Before you begin querying the logs in Athena, enable VPC flow logs and export log data to Amazon S3. After you create the logs, let them run for a few minutes to collect some data.

Creating the Table for VPC Flow Logs

To create the Amazon VPC table

  1. Copy and paste the following DDL statement into the Athena console.

  2. Modify the LOCATION 's3://your_log_bucket/prefix/' to point to the S3 bucket that contains your log data.
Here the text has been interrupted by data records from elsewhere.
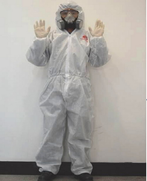 刮涂原子灰過程中,由于有毒溶劑的揮發,為保護施工人員的人身安全,施工人員必須穿噴漆服、護目眼鏡、防毒面罩、無硅乳膠手套、防溶劑手套、工作鞋等。如圖2-30所示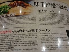 熊本に行くと一度は行きたくなり、また食べました。濃いのですが飽きない味で安定しています。古い歴史があって、メニューに書いてあります。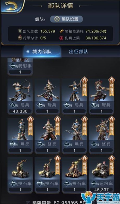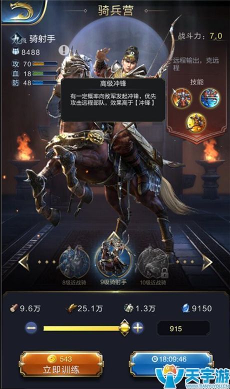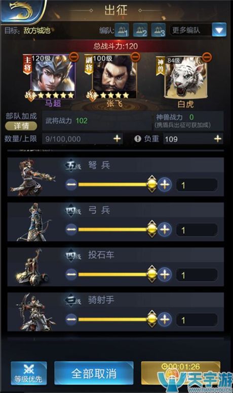骑兵优先冲锋远程。我们很多人的盾枪流往往只带盾兵和枪兵,而现在,我们已知敌人是盾骑的话,我们可以配置千排流,在已有盾兵和枪兵的情况下,配置大量混杂兵种,每种兵种带1个即可,比如我们带上1-10级弓兵、弩兵,那么骑兵会优先冲锋远程部队。举个例子,假如我方有3万盾兵、69999枪兵与1个弓兵,即使敌人有10万骑兵,那么发动冲锋之后,也只会对1个弓兵造成伤害,在我方部队中有远程部队的时候,骑兵就不会冲锋枪兵。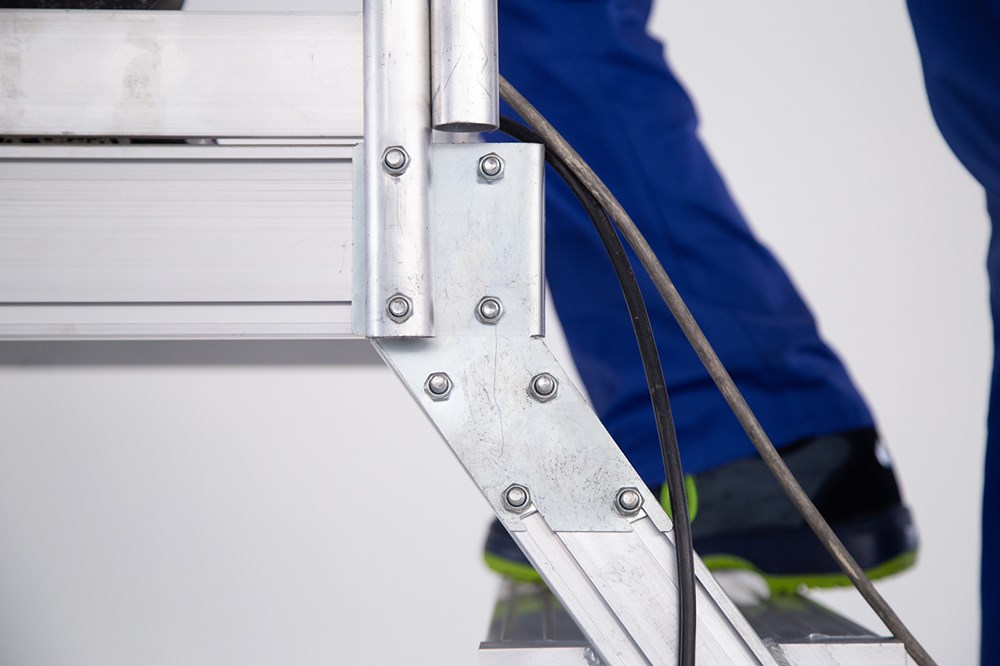 The guardrail is almost perpendicular to the floor and this allows the user to stay near the wall or the machinery.

    CREATE EXTERNAL TABLE IF NOT EXISTS vpc_flow_logs ( ts string, version int, account string, interfaceid string, sourceaddress string, destinationaddress string, sourceport int, destinationport int, protocol int, numpackets int, numbytes int, starttime int, endtime int, action string, logstatus string ) ROW FORMAT SERDE 'org.apache.hadoop.hive.serde2.RegexSerDe' WITH SERDEPROPERTIES ( "input.regex" = "^([^ ]+)\\s+([0-9]+)\\s+([^ ]+)\\s+([^ ]+)\\s+([^ ]+)\\s+([^ ]+)\\s+([0-9]+)\\s+([0-9]+)\\s+([0-9]+)\\s+([0-9]+)\\s+([0-9]+)\\s+([0-9]+)\\s+([0-9]+)\\s+([^ ]+)\\s+([^ ]+)$" ) LOCATION 's3://your_log_bucket/prefix/';
  3. Run the query in Athena console. After the query completes, Athena registers the vpc_flow_logs table, making the data in it ready for you to issue queries.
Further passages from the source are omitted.